AI Smart Redact redacts sensitive entities in PDF documents by removing the marked content and rebuilding the document. Every entity in a redaction request is removed, not just visually masked. Each request takes a source PDF and a list of redaction areas: rectangles on a page that mark where each entity to redact appears.

True redaction by reconstruction

The output PDF is built from scratch. Only content that the redaction engine fully understands and that isn’t marked for redaction carries over to the new document. Anything else is dropped, including hidden data that wasn’t part of the visible page: document metadata, bookmarks, annotations, and embedded files.

Page count, page sizes, and the positioning of all unredacted content are preserved.

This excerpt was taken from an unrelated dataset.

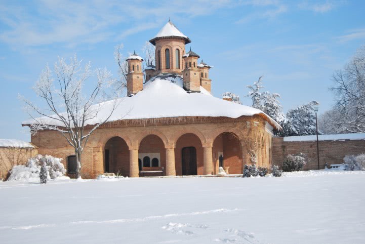 Ilustratie: romania women lithuania women .jpg o biserica cu turn si clopotnita, acoperita de zapada stralucitoare, se inalta printre brazi si arbusti. cerul albastru intens, presarat cu nori pufosi, completeaza peisajul de iarna. In tainic decor montan, o crenguta goala dezvaluie frumusetea rece a sezonului, ademenind privirea intr-un dans de contraste si mistere inghetate.

Only the content inside the redaction areas is removed.

AI Smart Redact doesn’t just draw a black rectangle over redacted content. The text, images, vector graphics, and any OCR text layers inside each redaction area are structurally removed from the page content streams, just like the visible text on top of them. As a result, redacted text can’t be copied from the content stream, and no parallel hidden layer preserves the original content.

Performance

Redaction is fast and runs independently of the detection step, with up to four concurrent jobs per Worker by default. Redaction time scales with document size rather than the number of entities to redact.

Unhandled features

The redaction engine doesn’t yet support every PDF feature. Most page structures are unconditionally rebuilt or removed during redaction, but some features have to stay in the document so the redaction engine doesn’t break the document’s integrity. The following PDF features fall into that group:

  • Marked Content (accessibility tagging and structural marks inside page content streams) isn’t removed. Structures such as ActualText can leak sensitive information.
  • Optional Content Groups (OCG, also known as “Layers”) aren’t considered separately. They are redacted as if they were normal content.
  • OutputIntent in ICC profiles and Font or FontDescriptor metadata aren’t stripped. These are theoretical surfaces; while the data inside is custom, this data is usually not sensitive in any way.

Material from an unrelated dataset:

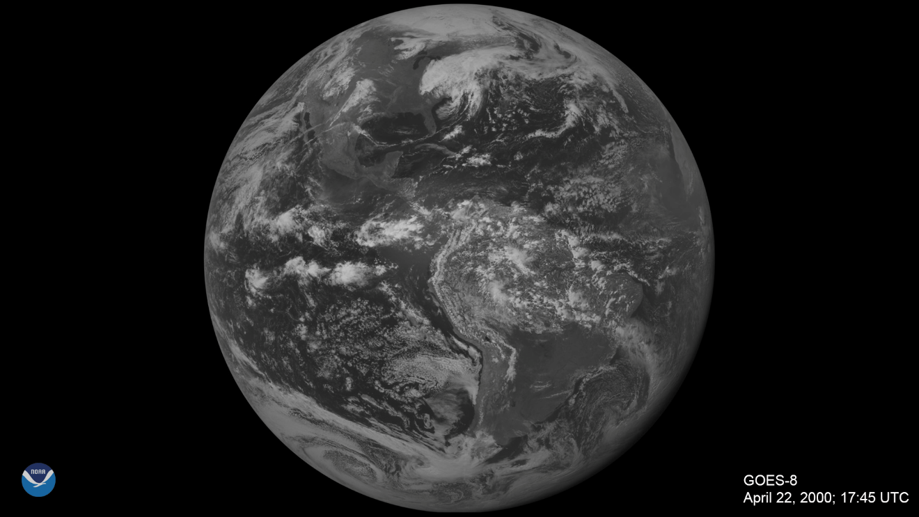 图4:2000年4月22日,从 GOES-8 satellite看到的地球。竟似一幅严重麻风病患的面容! |

OCR text layers and other on-page text are removed only where a redaction area covers them, the same as visible text.

Invisible content

The redaction engine doesn’t perform additional sanitization passes for content that the reviewer can’t see. Out-of-bounds content falls into this category:

  • Text, images, and vector paths positioned outside the page bounds. A redaction area placed there still removes the content, but the reviewer never sees out-of-bounds content in the viewer, so the reviewer doesn’t select it for redaction during review.

Reporting new findings

If you encounter a PDF where AI Smart Redact leaves content that the redaction engine should have removed, open a support request with a sample. Real-world feedback on issues encountered with PDF files guides further development of the product, and the redaction engine’s coverage can expand as you report edge cases.